WORK TASK
Write the data out again exactly, dropping any images it holds.

■ ■ ■ ■ ■ ■ ■

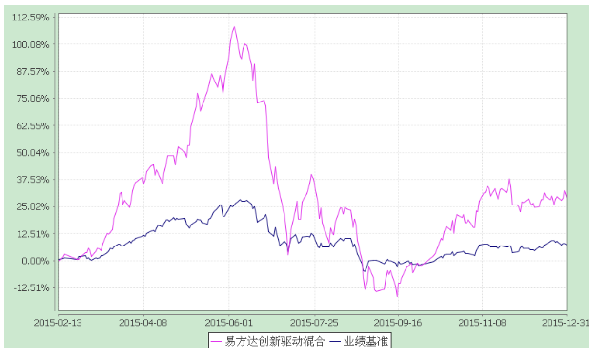
易方达创新驱动灵活配置混合型证券投资基金 份额累计净值增长率与业绩比较基准收益率历史走势对比图 (2015 年 2 月 13 日至 2015 年 12 月 31 日)

注：1.本基金合同于 2015 年 2 月 13 日生效，截至报告期末本基金合同生效未满一年。
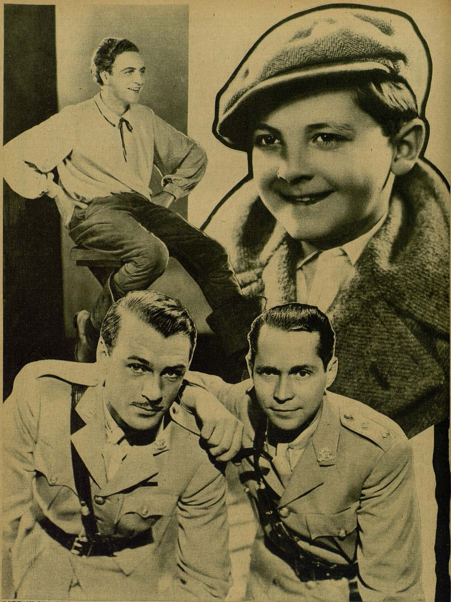
CODEANDOSE CON LOS ASTROS INTERNACIONALES, JULITO GARRIGÓS, PROTAGONISTA INFANTIL DE «20.000 DUROS», SONRIE MUY SATISFECHO. — WILLY FRITZ, EN UNA ESCENA DE «TURANDOT», Y GARY COOPER, CON FRANCHOT TONE, EN UN MOMENTO DEL FILM «LA VIDA DE UN LANCERO BENGALI»
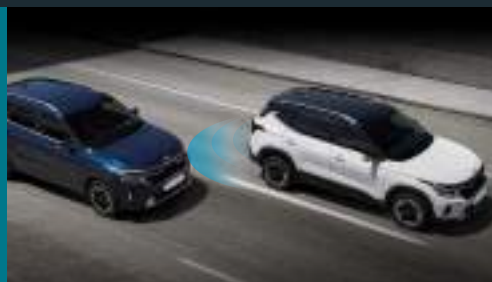
Hỗ trợ tránh và chạm điểm mù Blind-Spot Collision-avoidance Assist (BCA)
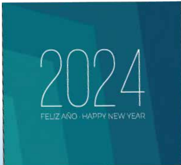
W-80 7 hojas

Para este tipo de calendarios puedes escoger cualquiera de las siguientes 2 referencias o combinarlas entre si:
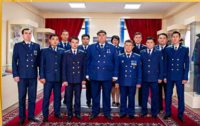
УПРАВЛЕНИЕ ПО ЗАЩИТЕ ОБЩЕСТВЕННЫХ ИНТЕРЕСОВ
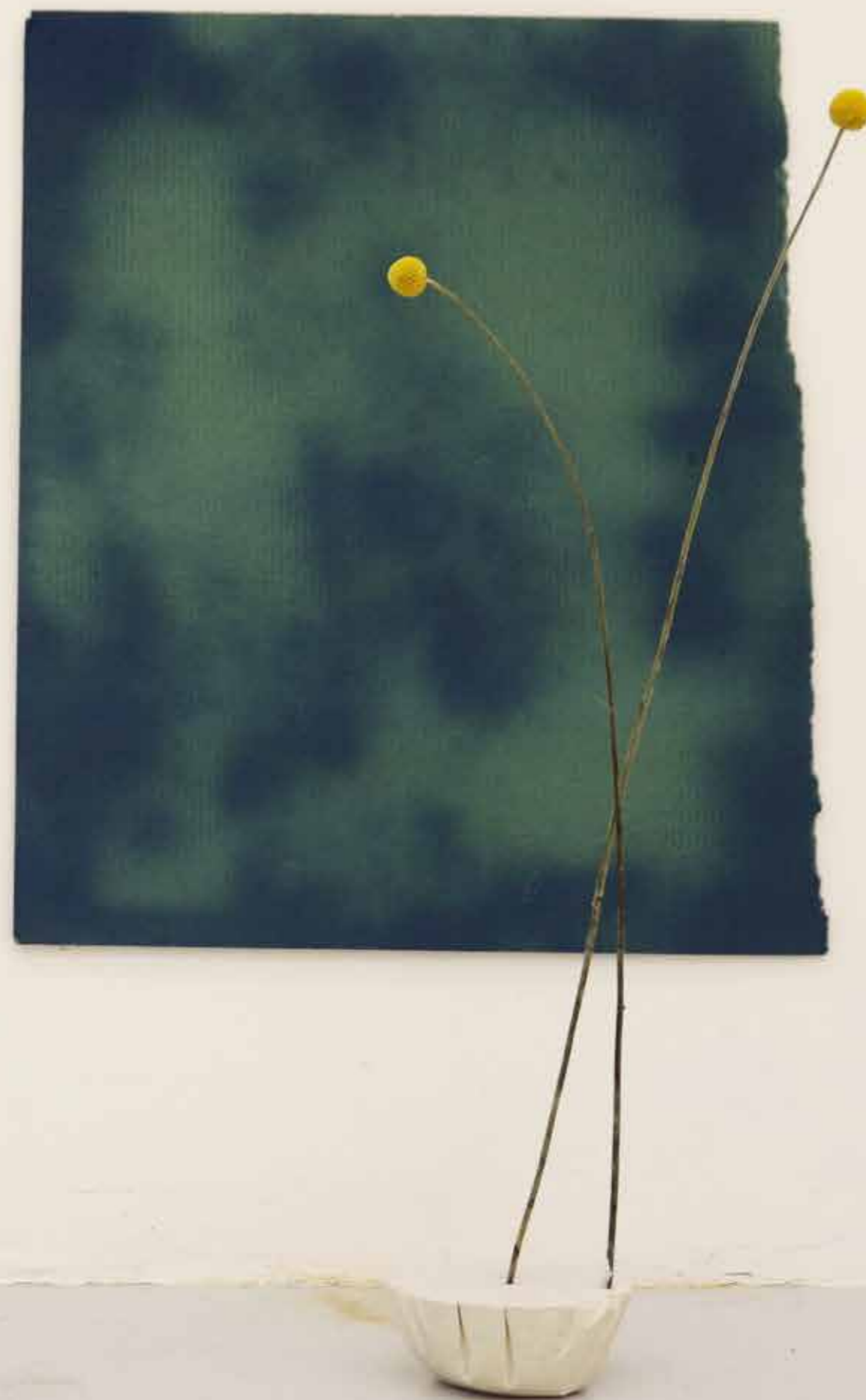
Sans titre , 2017 Carton, bombe, tiges, plâtres 70cm

■ ■ ■ ■ ■ ■ ■

SOLUTION BELOW
易方达创新驱动灵活配置混合型证券投资基金 份额累计净值增长率与业绩比较基准收益率历史走势对比图 (2015 年 2 月 13 日至 2015 年 12 月 31 日)

注：1.本基金合同于 2015 年 2 月 13 日生效，截至报告期末本基金合同生效未满一年。
CODEANDOSE CON LOS ASTROS INTERNACIONALES, JULITO GARRIGÓS, PROTAGONISTA INFANTIL DE «20.000 DUROS», SONRIE MUY SATISFECHO. — WILLY FRITZ, EN UNA ESCENA DE «TURANDOT», Y GARY COOPER, CON FRANCHOT TONE, EN UN MOMENTO DEL FILM «LA VIDA DE UN LANCERO BENGALI»
Hỗ trợ tránh và chạm điểm mù Blind-Spot Collision-avoidance Assist (BCA)
W-80 7 hojas

Para este tipo de calendarios puedes escoger cualquiera de las siguientes 2 referencias o combinarlas entre si:
УПРАВЛЕНИЕ ПО ЗАЩИТЕ ОБЩЕСТВЕННЫХ ИНТЕРЕСОВ
Sans titre , 2017 Carton, bombe, tiges, plâtres 70cm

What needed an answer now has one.